The CS is an energy-efficient approach for future BCIs application, which has been developed over the past few years. However, there are still numerous BCIs application areas in which the CS theory continues to be developed including rehabilitation and restoration [104,105], communication and control [106,107], prevention [108,109], and user state monitoring [110,111]. Although it is beyond the scope of this particular review article, security [112,113] and entertainment [114,115] are other very interesting topics in the BCI field, which can be benefited with CS and should be considered for future studies.

6. Conclusions

The CS framework can help in dealing with many challenges that current BCIs may encounter, which requires the use of fast, long-term, and energy-saving computational approaches. In this article, we have reviewed the available BCIs, which have benefited from the theory of CS in terms of sparse signal representation, sensing matrix, and available reconstruction methods.
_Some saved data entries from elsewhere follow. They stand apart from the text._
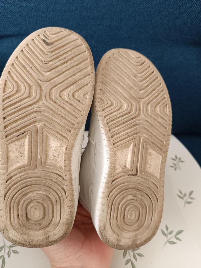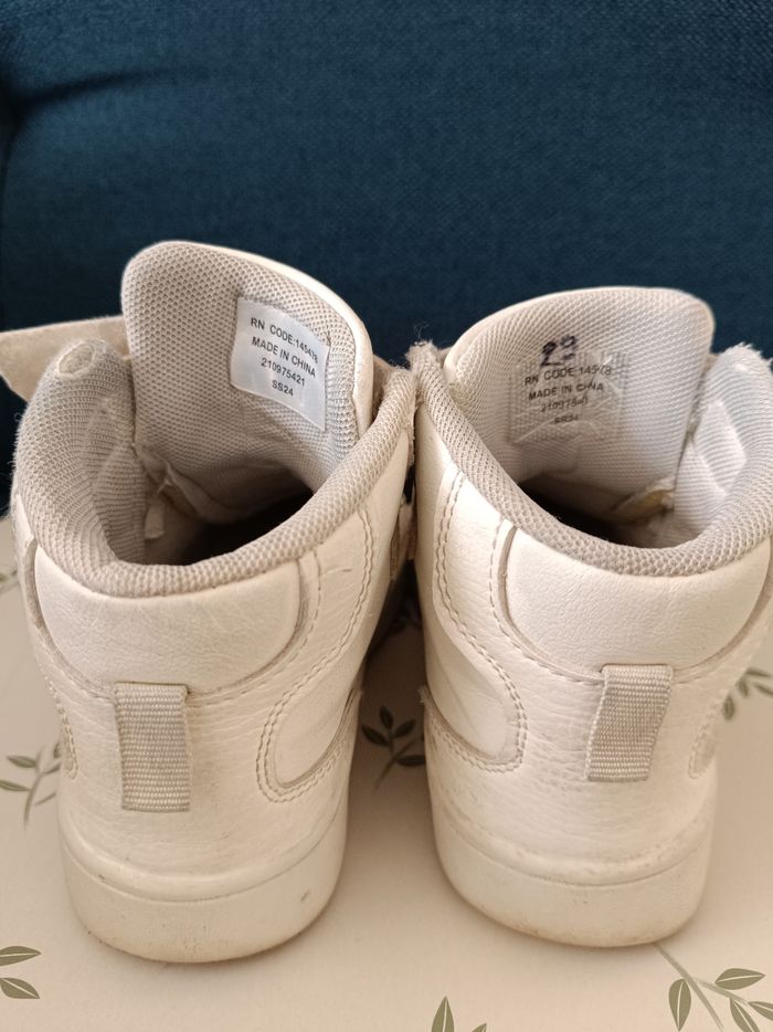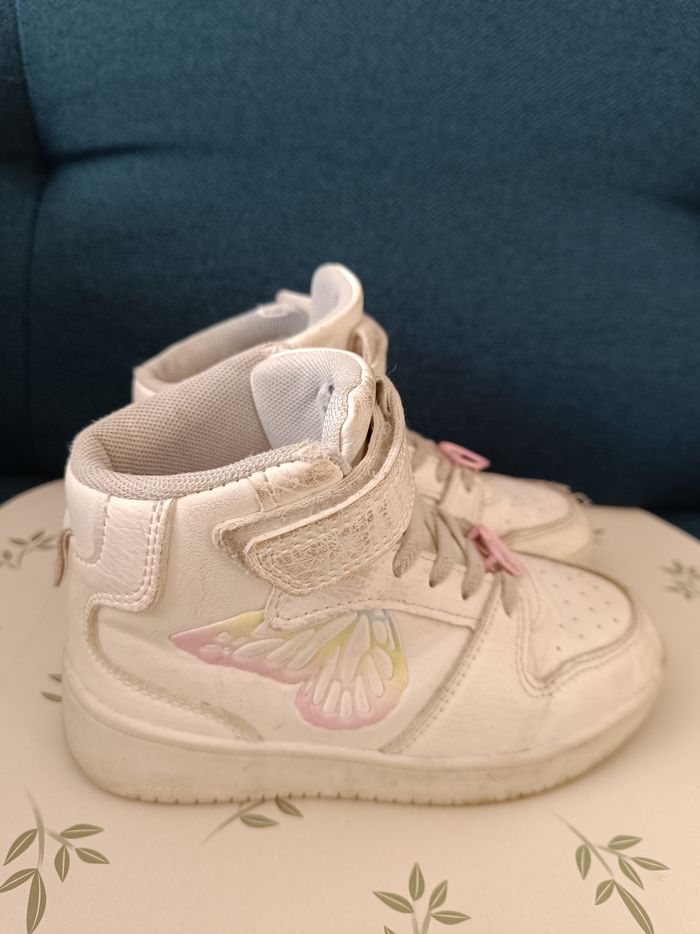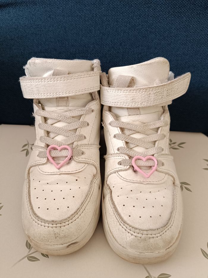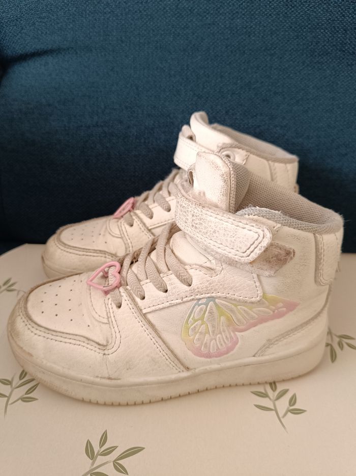A vendre : Une paire de baskets montantes. Couleur : Blanc. Motifs : Papillon pastel est visible sur le côté, avec de petits cœurs roses sur les lacets. État : Bon état, Les chaussures présentent de légères marques d'usure.
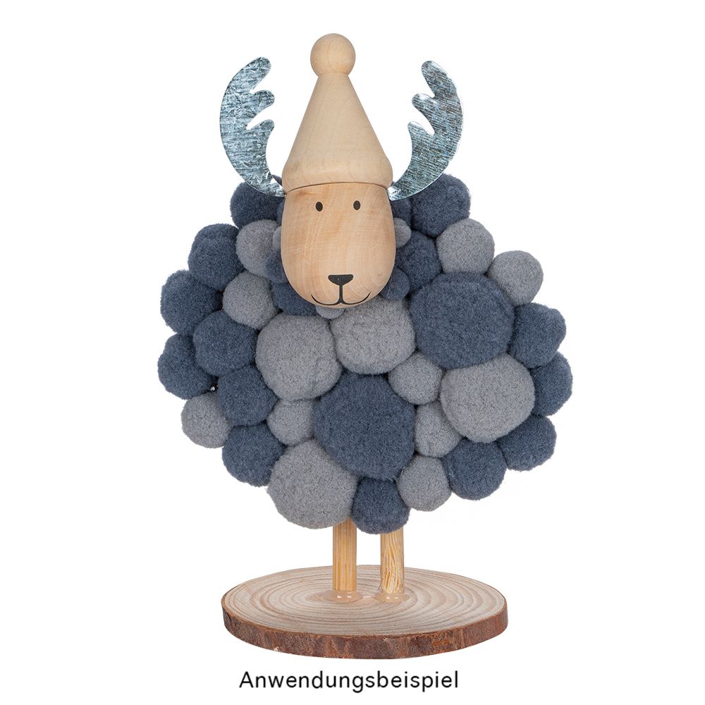 Kleben Sie ganz einfach die Holzköpfe auf die Fell-Pompons und im Handumdrehen sind die putzigen Rentier fertig! Zur Befestigung empfehlen wir die Verwendung von Heißkleber. Wenn sie mögen, können Sie die Rentiere noch weiter verzieren. Gestalten Sie zum Beispiel Beine aus Filz oder Holz-Perlen. Oder schmücken Sie eine Rentier-Dame mit einer kleinen Perlenkette und einer Mini-Schleife am Geweih. Ihrer Kreativität sind keine Grenzen gesetzt!
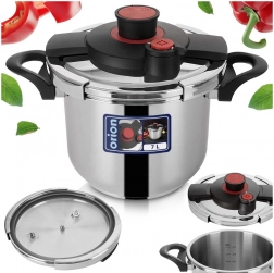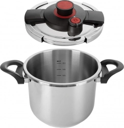 Praktische snelkookpan van roestvrij staal met een inhoud van 7 l voor snel en energiezuinig koken. Dankzij de automatische dekselvergrendeling, twee kookprogramma’s en een veiligheidsventiel bereid je soepen, goulash, vlees en groenten sneller, smaakvoller en met minder energieverbruik. De sterke sandwichbodem verdeelt de warmte uitstekend en is geschikt voor alle soorten kookplaten, inclusief inductie.
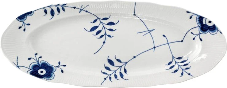 Smukt 60 cm. Blå Mega Riflet fad fra Royal Copenhagen. Perfekt til servering eller smuk udsmykning på bordet eller i vindueskarmen. Karen Kjælgaard-Larsens fortolkning af det oprindelige design fra 1775, er blevet en rigtig ny-klassiker.
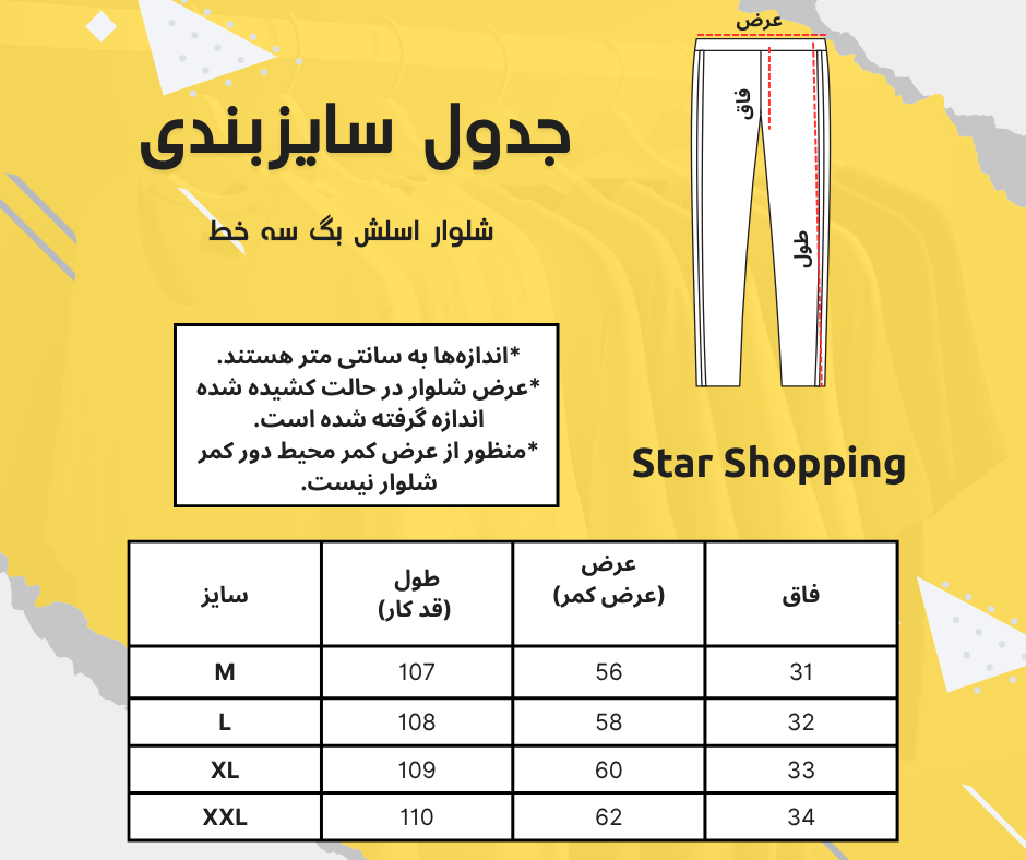 طراحی دوخت کنار شلوار با الگو از برند آدیداس است و دارای نوار سه خط سفید برجسته میباشد که جلوه ای خاص و متمایز به این شلوار داده است.
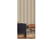 Luxusní zlato-béžové a pískové vliesové tapety s vinylovém povrchem, rozdílné textury a odstíny tvoří pruhy.
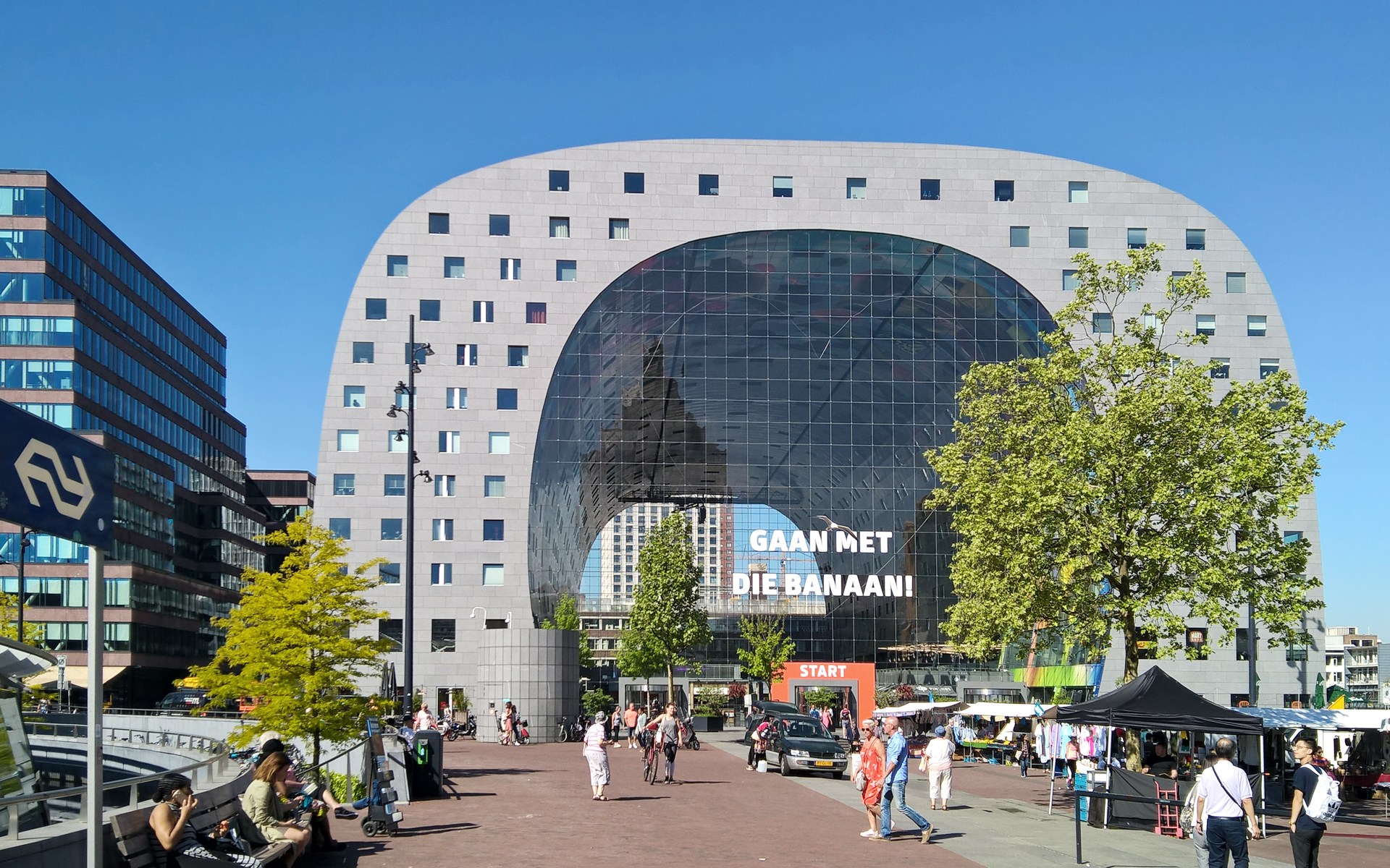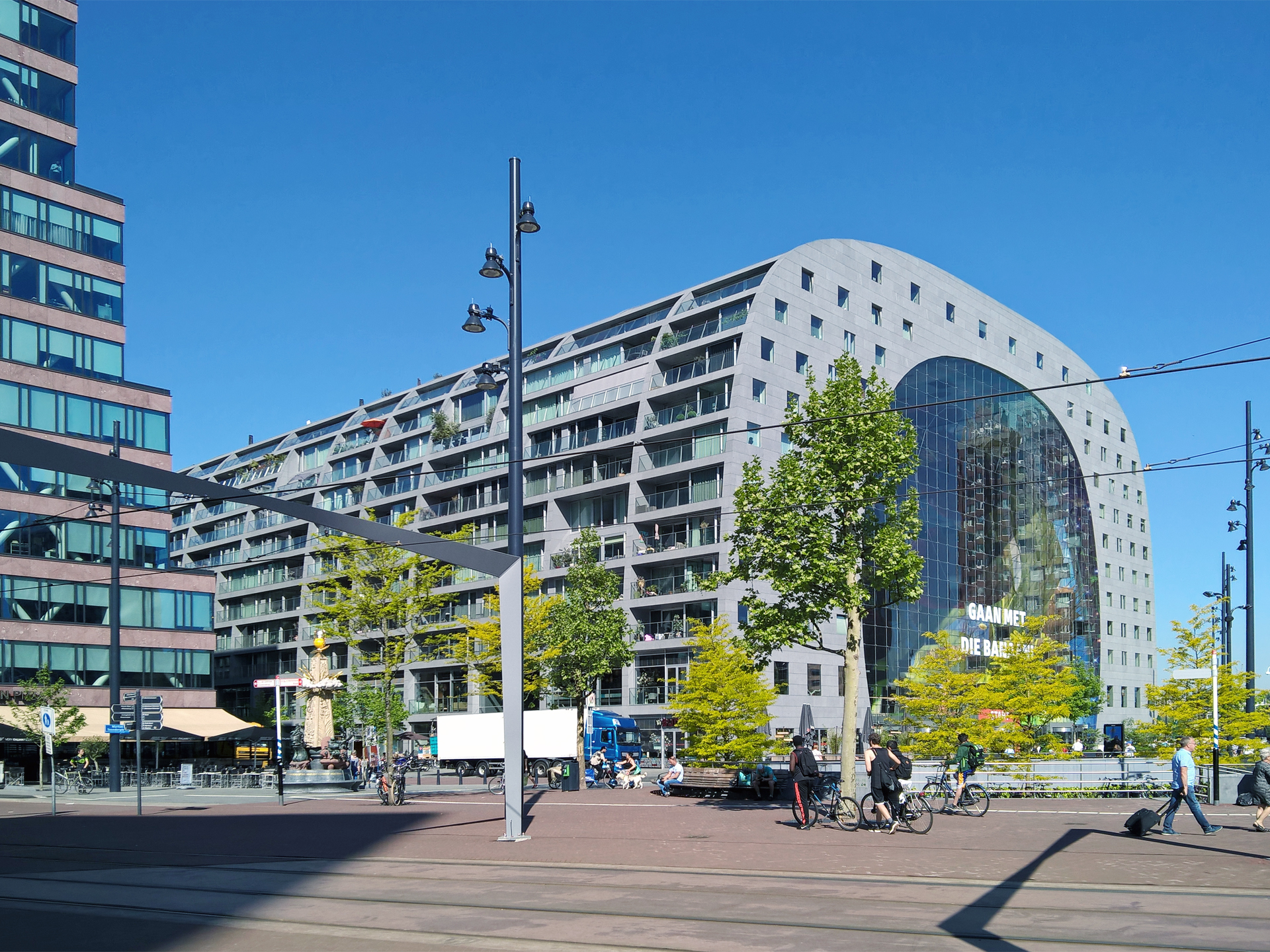 Rotterdam est une ville de l’architecture dans son excellence esthétique au-delà de la faisabilité pratique ; le Markthal, une combinaison de logements collectifs et de marché couvert construit en 2014 au centre de la ville, serait un bon exemple pour observer une réinvention néerlandaise des idées architecturales. J’y suis allé pour acheter des stroopwafel frais, un classique néerlandais, et le bâtiment était étonnant. En effet, sa structure en forme d’arc, qui ressemble à une sorte de couverture de wagon dans les films de western, provient de deux entités d’habitation qui partagent un toit ; les murs de pignon des entités d’habitation constituent les entrées du marché traversant. Cela a l’air simple, mais l’architecte a surmonté plusieurs défis techniques, par exemple :
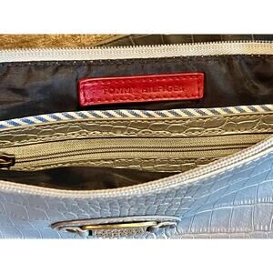 Tommy Hilfiger Faux Croc Leather Shoulder Purse Bag Metallic Silver Embossed
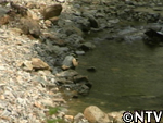 川底には大きな石ばかりだが、じつはこの石の中に石英と呼ばれる成分が含まれていると、それと一緒に金も精製されている場合があるのだという。 |
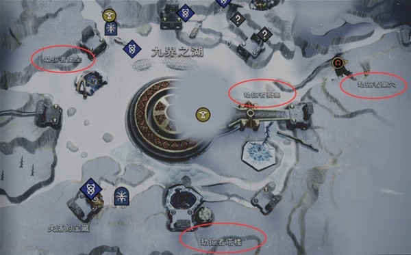 分别在地图上的[米德加尔特-劫掠者塔楼]、[米德加尔特-劫掠者巢穴]、[米德加尔特-劫掠者堡垒]、[米德加尔特-劫掠者要塞]
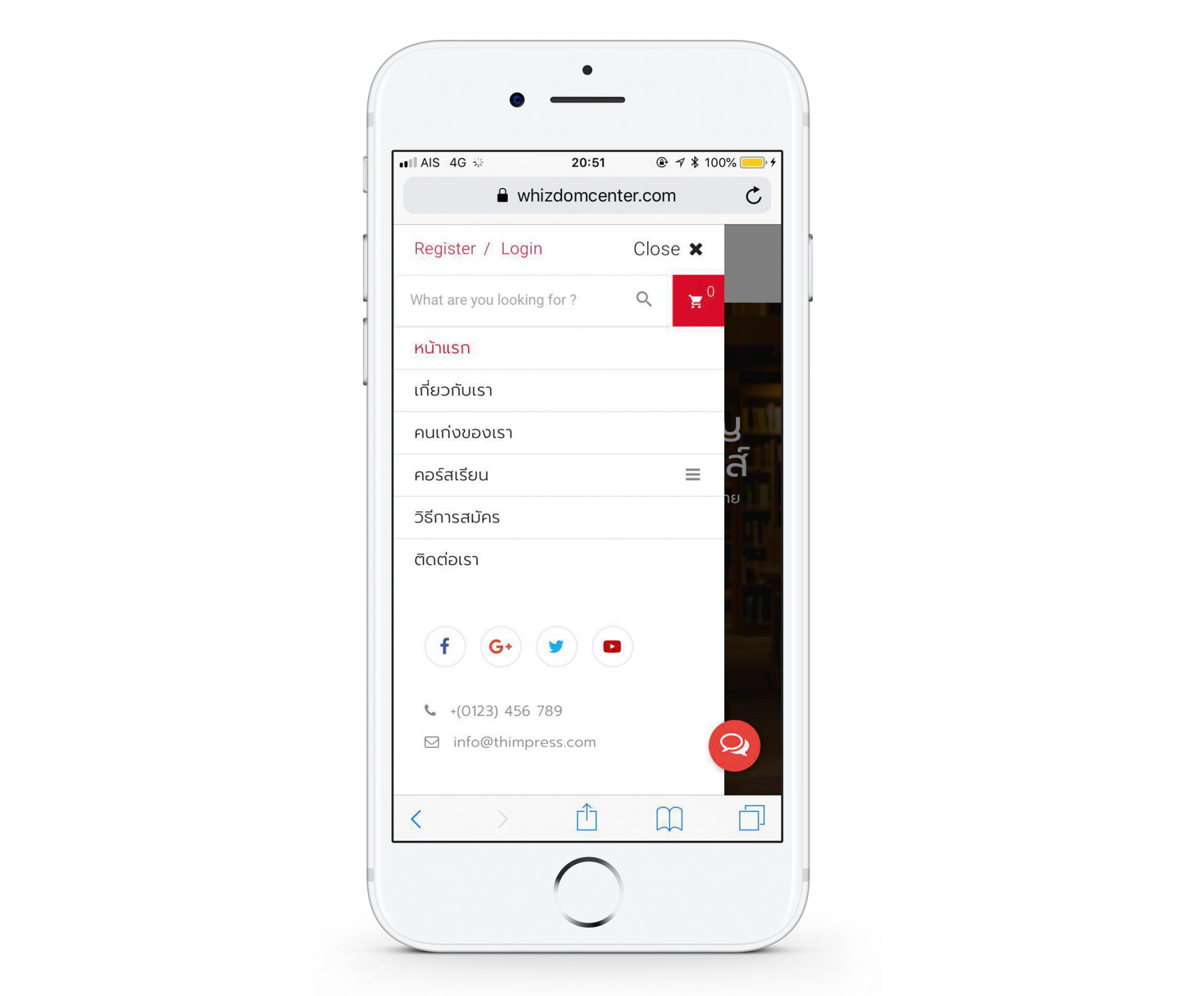 การแสดงผลบนจอโมบาย รูปแบบเมนู จะมีการเลื่อนออกมาจากด้านข้าง และ มีรายละเอียดของเมนู และ ค้นหา
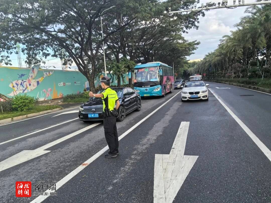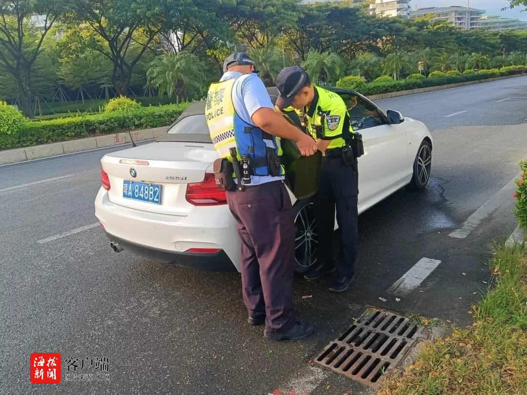 据了解,10月6日,三亚交警海棠大队执勤交警在海棠区龙海路开展巡逻勤务,当巡逻至龙海红绿灯路口时,发现一辆白色小型轿车打着警示灯停滞在路中间,导致整条路段车流缓慢通行。
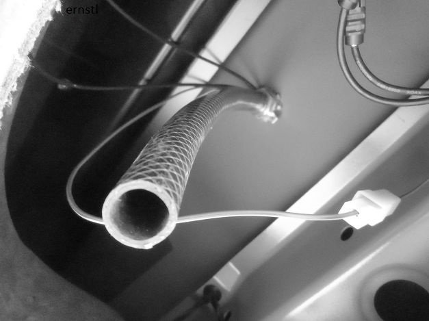 Lampe eingebaut und siehe da: direkt senkrecht drüber ist das Gewinde der Antenne - also dort, wo auch das Wasser mittig raus lief. Kann natürlich auch Zufall sein. Meine Lösung für die Zukunft war ein 22cm langes Stück Gartenschlauch, das jetzt auf dem Gewinde der Antenne sitzt und durch das Loch geführt ist. Sollte die Sache doch mal wieder undicht werden, kommt nichts mehr auf die Platine.
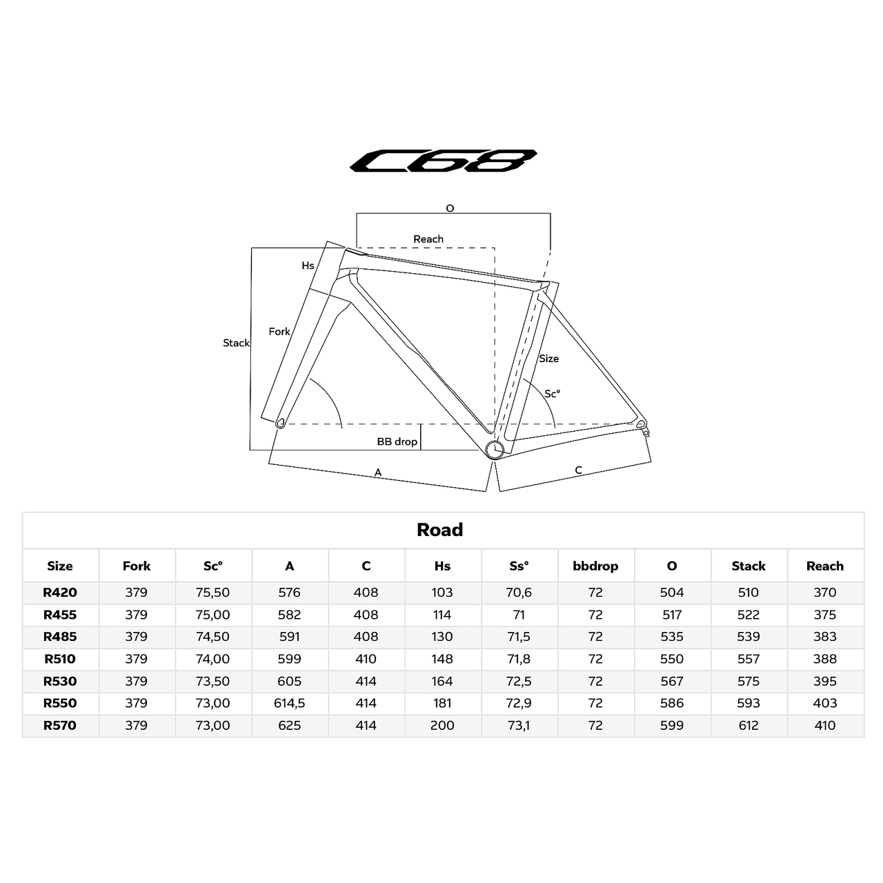 Агрессивная геометрияГеометрия шоссейного велосипеда C68 также делает его подходящим для тех, кто ценит скорость и более аэродинамичные посадки. Вылет, стек, угол наклона рулевой колонки и другие параметры сопоставимы с показателями гоночного велосипеда Colnago V4R.

The discussion around multiple CS reconstruction algorithms reviewed in this article gives us a more complete landscape of this problem as different algorithms come with different trade-offs, such as time and computational complexity. We have also highlighted the advantages and disadvantages of the available algorithms to explore these trade-offs. Though the main focus of this article is to study CS and related BCIs available so far, the paper nevertheless also discusses the idea of reconstruction free CS used for various applications to reduce the complexity of the system.